BGMEA president Rubana Huq suggested that targeting EWM was only the beginning. The move was unprecedented in the history of the sector.
The pandemic and its economic effects have accelerated many of the changing dynamics that I outline in Monopsony Capitalism: Power and Production in the Twilight of the Sweatshop Age. Indeed, the COVID-19 crisis lays bare the consequences of years of overreach by global brands as well as the growth, consolidation and organisation of suppliers in the apparel industry.
Power within the garment sector has always turned on a twin axis. The first axis concerns the imbalance of power between workers and factory owners, while the second concerns the imbalance of power between factory owners in poor countries like Bangladesh and large brands/retailers based in wealthy countries like the UK.

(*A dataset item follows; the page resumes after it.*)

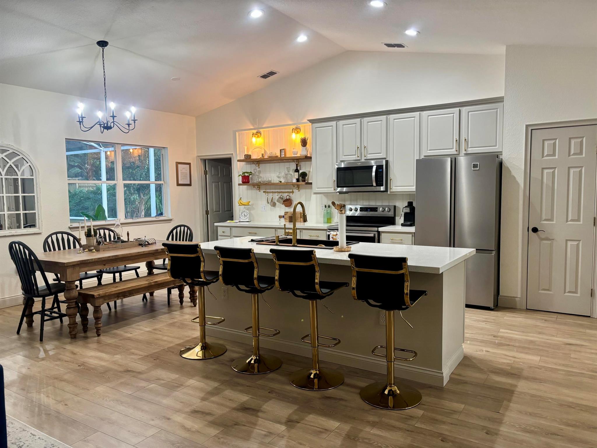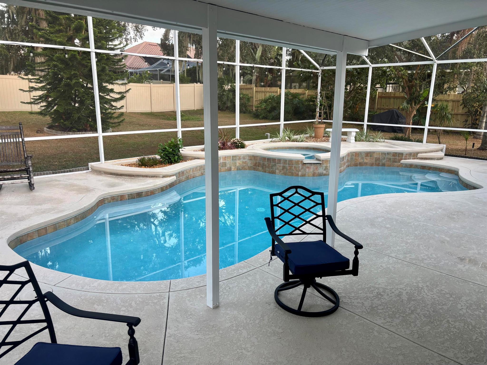 Magnificent fully remodeled 3/2 POOL home in the highly sought after Christina Estates neighborhood. Home boasts vaulted ceilings with brand new flooring throughout. Ample space in both living and family room. Updated kitchen with quartz countertops, new bottom cabinets, new appliances, and coffee/bar area. Both bathrooms have been remodeled. Enjoy outdoors all year long with your heated pool + jacuzzi. Pool was resurfaced and screen enclosure was rescreened in 2025. Large fenced in backyard for privacy. Big ticket items: Roof 2019, HVAC 2016, Water Heater 2020.

The durability of sweatshop conditions in the garment and footwear sectors has rested on disintegrated value chains, in which large oligopolistic buyers (brands and retailers) maintained a high Degree of Monopsony Power (DMP) over many small suppliers. Monopsony, simply, is when you have many suppliers and few buyers.
Historically, the growth strategy for brands and retailers relied on a low value, low technology production process which meant the sector remained highly globalizable.
This dynamic left low-margin manufacturers in a state of perpetual instability, unable to muster the capital necessary to escape the orbit of brand power and pursue their own development as a result of the unrelenting existential threat of losing a purchasing contract.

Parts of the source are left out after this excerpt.